Previous research on social movements has only addressed children’s participation in descriptive and incidental ways, if at all. The book contributes to a theoretically better grounded understanding of children’s forms of action. It thus also makes an important contribution to interdisciplinary research on childhoods and children’s rights by taking us beyond previous concepts of participation and making visible and re-conceptualizing the various forms of children’s agency and participation.
The book helps to understand that there is something artificial about the formal separation between social movements of adults and those of children. The fact that children also have their own movements and often bring them into being themselves reflects the fact that childhood in contemporary western societies has to do with a specific, largely subordinate social status that goes hand in hand with institutional separation from the adult world. Therefore, autonomous movements of children move in a dichotomy: on the one hand, they represent nolens volens the bourgeois ideology of childhood, which is based on and solidifies the separation of children and adults; on the other hand, children in the divided society have no choice but to organize themselves as children.
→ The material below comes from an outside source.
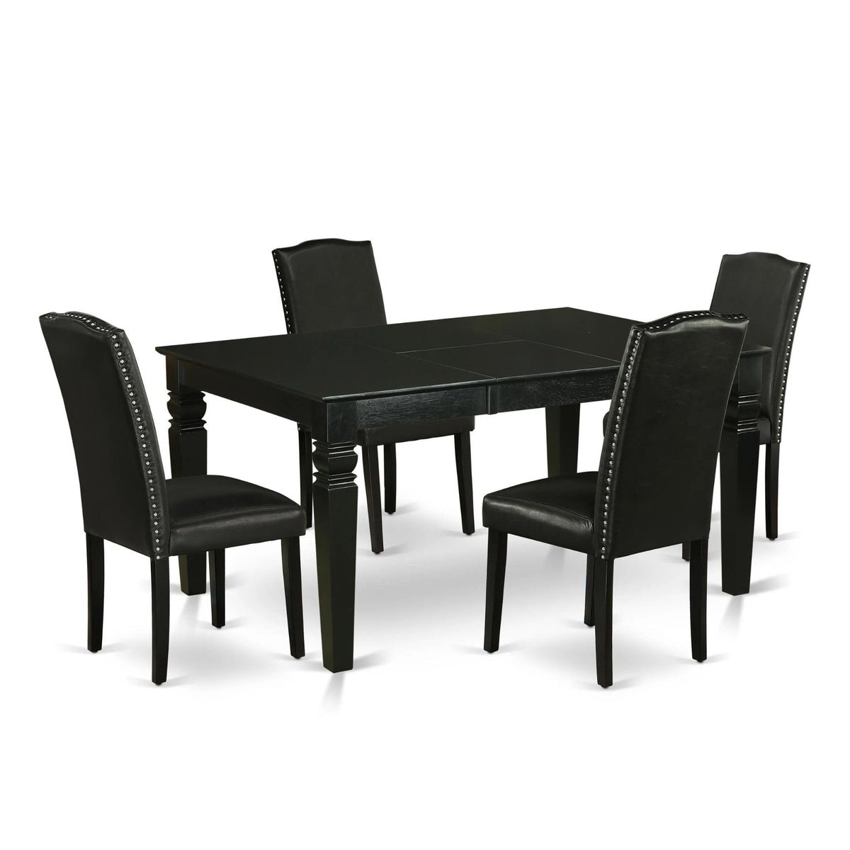 East West Furniture - Ween5-Blk-69 - 5-Piece Kitchen Table Setthis Dinner Table Is Beautifully Matched With A Set Of 4 Elegant Dining Room Chairs, Elevating Its Overall Charm. This 5-Piece Kitchen Table Set Introduces A Contemporary Design With A Sleek Table That Effortlessly Complements A Variety Of Room Decor Styles. The Breakfast Table Showcases A Black Tabletop And Legs, Both Elegantly Finished In A Black Hue. The Upholstered Dining Chairs Feature Black Pu Leather Seats And Wooden Legs, Also Finished In A Matching Black Shade. This Dining Set Combines Premium Finishes, Providing A Luxurious And Sophisticated Appearance Suitable For Any Home. Crafted From Rubberwood, An Asian Wood Renowned For Its Exceptional Durability Due To Its Dense Grain, This Kitchen Table Set Not Only Embraces Environmental Friendliness But Also Possesses Remarkable Shock-Absorbing Properties. Designed To Withstand The Test Of Time, It Avoids The Use Of Heat-Treated Wood, Plywood, Veneer, Or Laminated Materials In Its Construction. Our Contemporary Dining Chairs Showcase Faux Leather Seats And Stylish Chair Backs, Enhancing The Overall Elegance Of The Kitchen. The Generously Sized Seats Ensure Optimal Comfort, Making These Kitchen Chairs Seamlessly Blend With Diverse Design Aesthetics And Complement Various Decor Styles.Product Features: Material: Asian Hardwood Frame Color: Black Fabric: Pu Leather Fabric Color: Black Cushion Material: Foam Table Dimensions: Length: 60/42; Width: 42; Height: 30. Chair Dimensions: Length: 24.5; Width: 19; Height: 40.5. Weight Capacity: 300 Lbs.Includes: A Rectangular Table And 4 Parson Chairsthe Hardware Package And Instruction Manual Are Located In/Under The Seat.

Diane Rodgers’ study makes it clear that they never do this only in their role as children and that the children’s movements that see themselves as autonomous are not about generational conflicts or a struggle between children and adults. It would be interesting to discuss the question of the extent to which children themselves act as protagonists vis-a-vis adults and suggest to them that they arrive at new perspectives on social and political challenges. The climate movement Fridays for Future is a recent example of this. Future studies could make clear what it means for adults to be in solidarity with children and for children to meet each other not as adversaries but as allies. The tense relationship between children and adults or between young and old generations will not be overcome seamlessly, but it can become visible that the generational asymmetry often invoked in childhood studies is not a natural phenomenon but a socially produced one.